* _Activity_
Please give the lines below again exactly as they stand, from the one that contains "Šią mintį radau" up to and including the one that contains "Soft paperbark greys", leaving all pictures out.

* _Records supplied_
=== Section Start ===

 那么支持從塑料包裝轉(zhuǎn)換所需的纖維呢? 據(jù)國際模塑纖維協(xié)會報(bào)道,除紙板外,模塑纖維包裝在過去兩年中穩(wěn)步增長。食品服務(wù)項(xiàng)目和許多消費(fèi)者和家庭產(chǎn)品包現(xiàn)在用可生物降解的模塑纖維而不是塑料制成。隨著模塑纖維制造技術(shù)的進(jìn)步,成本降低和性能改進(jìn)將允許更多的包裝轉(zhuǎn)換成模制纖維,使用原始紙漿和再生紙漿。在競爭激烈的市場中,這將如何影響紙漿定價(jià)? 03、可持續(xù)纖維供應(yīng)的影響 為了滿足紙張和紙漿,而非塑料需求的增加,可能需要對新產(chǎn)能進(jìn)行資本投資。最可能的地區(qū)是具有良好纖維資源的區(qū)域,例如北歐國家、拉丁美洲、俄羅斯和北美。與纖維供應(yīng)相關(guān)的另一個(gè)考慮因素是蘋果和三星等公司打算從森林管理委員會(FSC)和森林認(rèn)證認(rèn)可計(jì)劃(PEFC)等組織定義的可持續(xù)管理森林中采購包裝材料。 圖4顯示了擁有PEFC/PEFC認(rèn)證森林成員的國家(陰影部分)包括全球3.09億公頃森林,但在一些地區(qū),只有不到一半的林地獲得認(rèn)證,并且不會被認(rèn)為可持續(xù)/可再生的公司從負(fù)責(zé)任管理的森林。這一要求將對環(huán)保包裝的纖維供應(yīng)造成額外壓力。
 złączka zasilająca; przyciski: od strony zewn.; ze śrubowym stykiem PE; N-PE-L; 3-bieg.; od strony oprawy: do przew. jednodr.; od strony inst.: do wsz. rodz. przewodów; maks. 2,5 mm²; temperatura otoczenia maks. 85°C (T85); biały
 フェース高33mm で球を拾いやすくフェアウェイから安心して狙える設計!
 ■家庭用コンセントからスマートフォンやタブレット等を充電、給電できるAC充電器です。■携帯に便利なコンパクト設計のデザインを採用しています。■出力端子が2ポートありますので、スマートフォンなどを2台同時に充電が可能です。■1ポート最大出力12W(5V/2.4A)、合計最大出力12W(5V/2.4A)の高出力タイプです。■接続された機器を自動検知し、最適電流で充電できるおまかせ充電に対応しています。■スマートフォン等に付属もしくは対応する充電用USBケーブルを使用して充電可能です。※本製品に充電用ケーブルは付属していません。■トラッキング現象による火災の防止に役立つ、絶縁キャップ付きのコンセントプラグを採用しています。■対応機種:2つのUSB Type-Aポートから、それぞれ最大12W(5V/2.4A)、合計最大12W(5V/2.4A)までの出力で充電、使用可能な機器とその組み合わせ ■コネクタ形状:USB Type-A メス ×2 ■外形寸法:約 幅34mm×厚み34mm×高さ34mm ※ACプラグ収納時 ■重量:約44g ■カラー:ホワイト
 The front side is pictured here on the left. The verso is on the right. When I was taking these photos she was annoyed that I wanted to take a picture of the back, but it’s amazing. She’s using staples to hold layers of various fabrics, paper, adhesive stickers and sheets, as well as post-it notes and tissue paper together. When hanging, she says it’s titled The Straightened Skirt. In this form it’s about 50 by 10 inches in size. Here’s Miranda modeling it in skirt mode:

=== Section End ===
=== Section Start ===

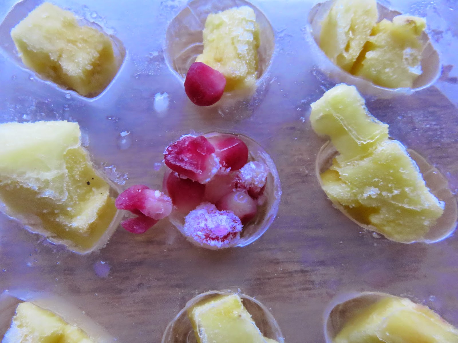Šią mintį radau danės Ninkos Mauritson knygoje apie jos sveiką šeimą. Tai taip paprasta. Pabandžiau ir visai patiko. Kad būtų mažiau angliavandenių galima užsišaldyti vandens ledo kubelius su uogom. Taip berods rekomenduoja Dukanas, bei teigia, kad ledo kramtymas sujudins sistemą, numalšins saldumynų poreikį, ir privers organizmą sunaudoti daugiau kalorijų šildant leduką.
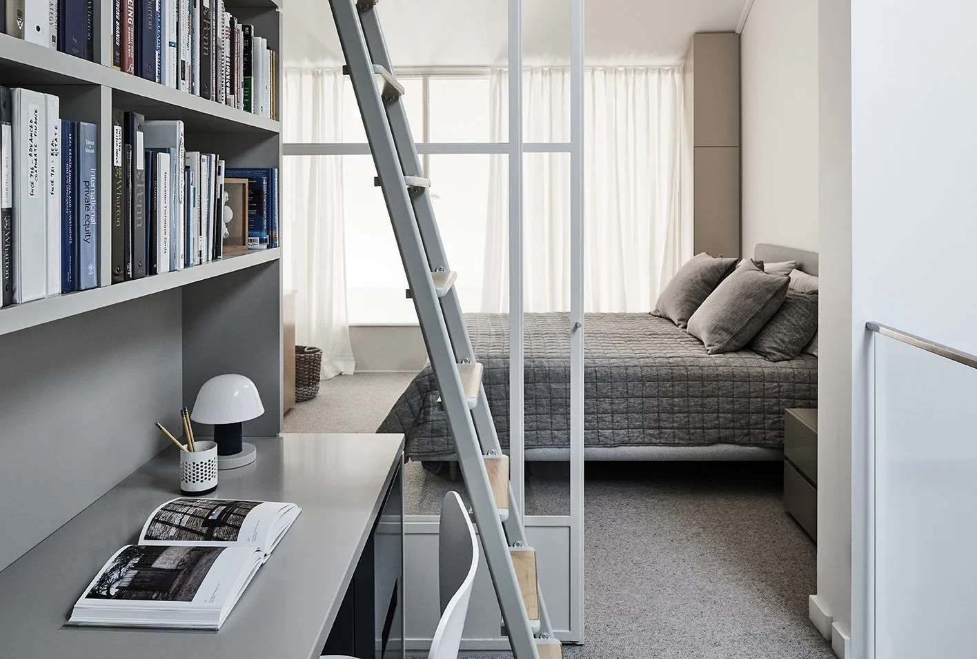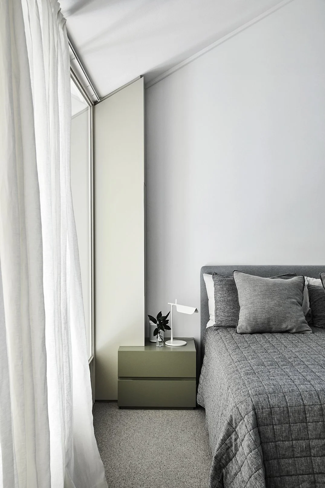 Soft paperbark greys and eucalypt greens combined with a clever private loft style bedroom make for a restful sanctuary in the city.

=== Section End ===
=== Section Start ===

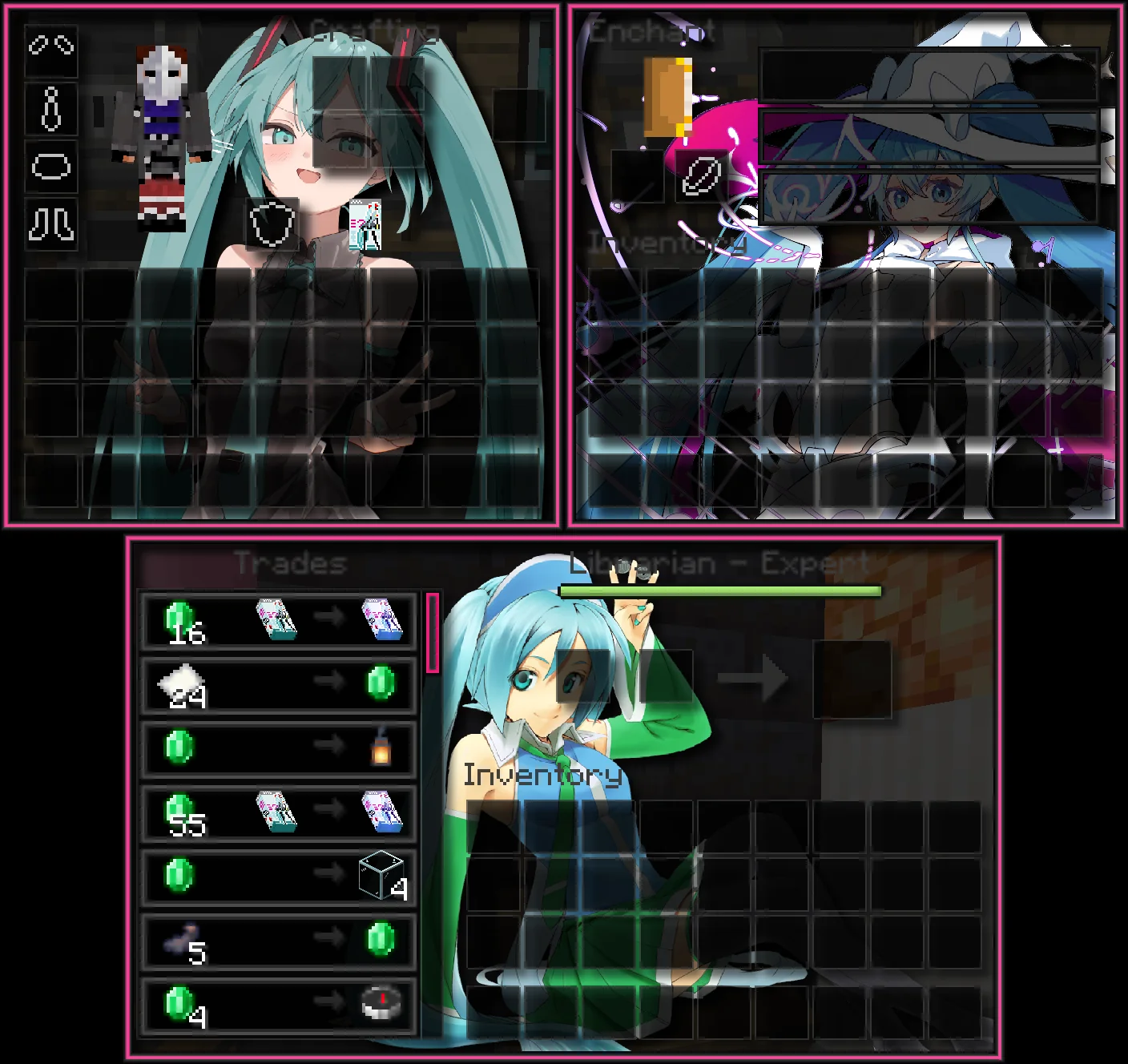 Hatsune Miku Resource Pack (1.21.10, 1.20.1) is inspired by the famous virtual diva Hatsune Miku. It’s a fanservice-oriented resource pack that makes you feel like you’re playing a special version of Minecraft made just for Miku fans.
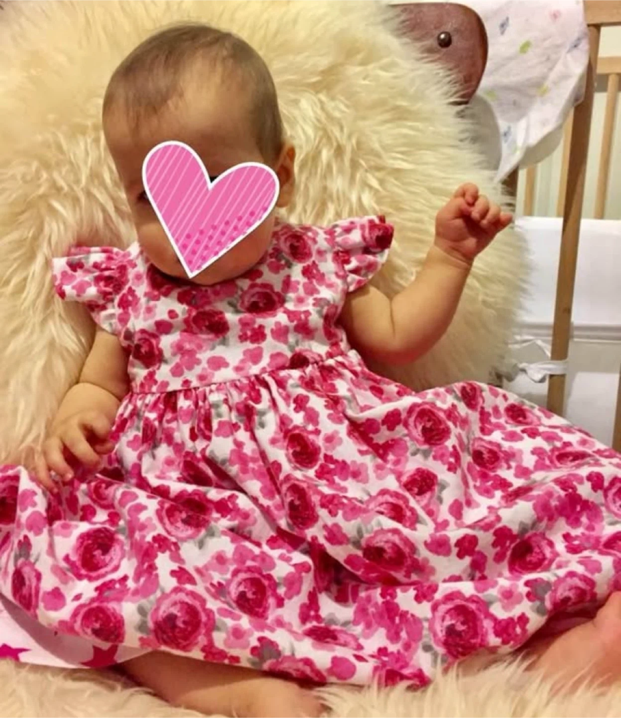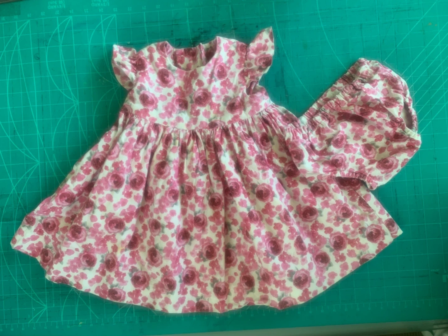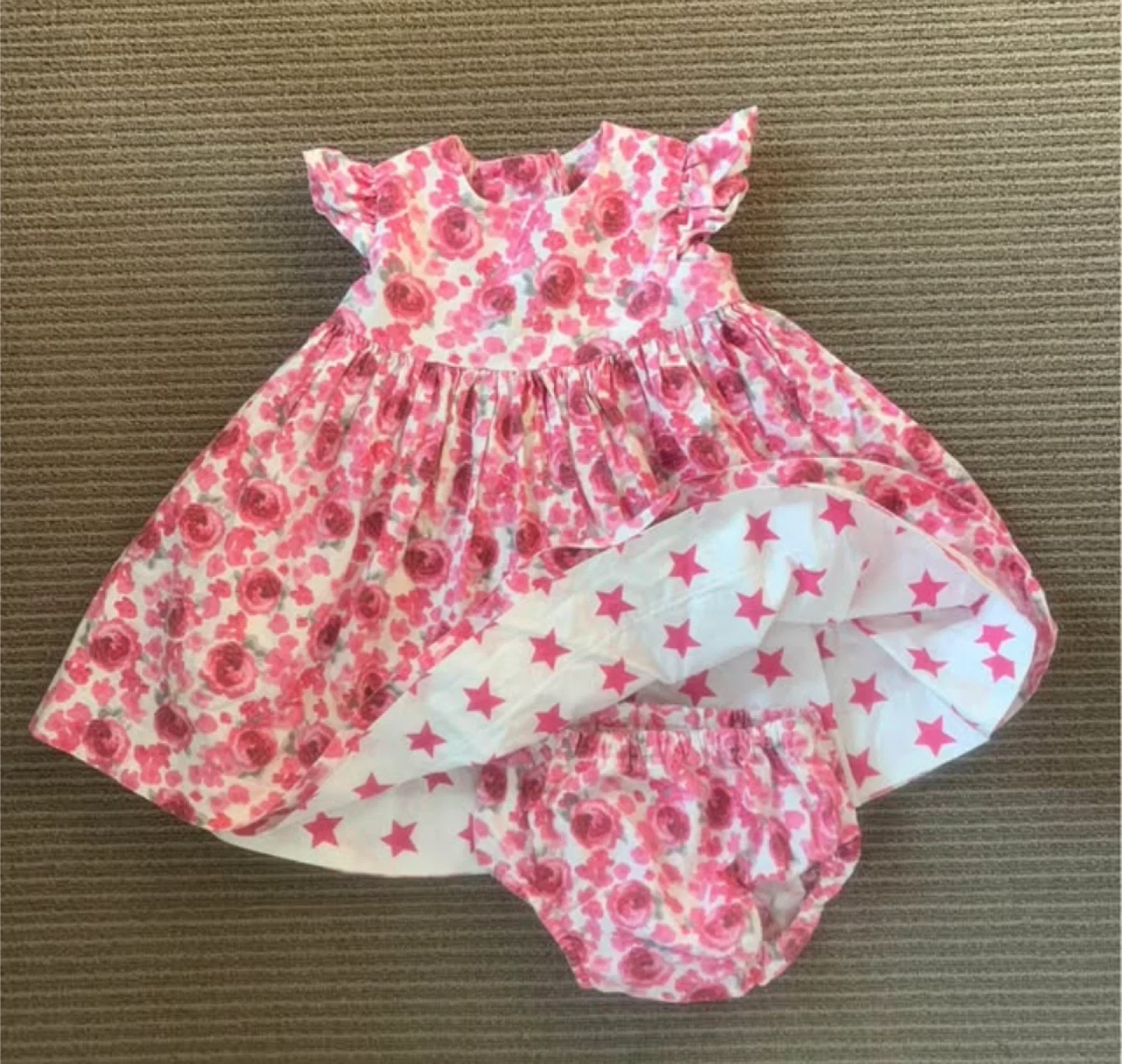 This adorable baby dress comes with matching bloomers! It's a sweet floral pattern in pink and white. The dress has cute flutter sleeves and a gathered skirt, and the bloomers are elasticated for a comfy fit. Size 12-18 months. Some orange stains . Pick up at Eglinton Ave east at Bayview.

=== Section End ===

* _Finished task_
Šią mintį radau danės Ninkos Mauritson knygoje apie jos sveiką šeimą. Tai taip paprasta. Pabandžiau ir visai patiko. Kad būtų mažiau angliavandenių galima užsišaldyti vandens ledo kubelius su uogom. Taip berods rekomenduoja Dukanas, bei teigia, kad ledo kramtymas sujudins sistemą, numalšins saldumynų poreikį, ir privers organizmą sunaudoti daugiau kalorijų šildant leduką.
 Soft paperbark greys and eucalypt greens combined with a clever private loft style bedroom make for a restful sanctuary in the city.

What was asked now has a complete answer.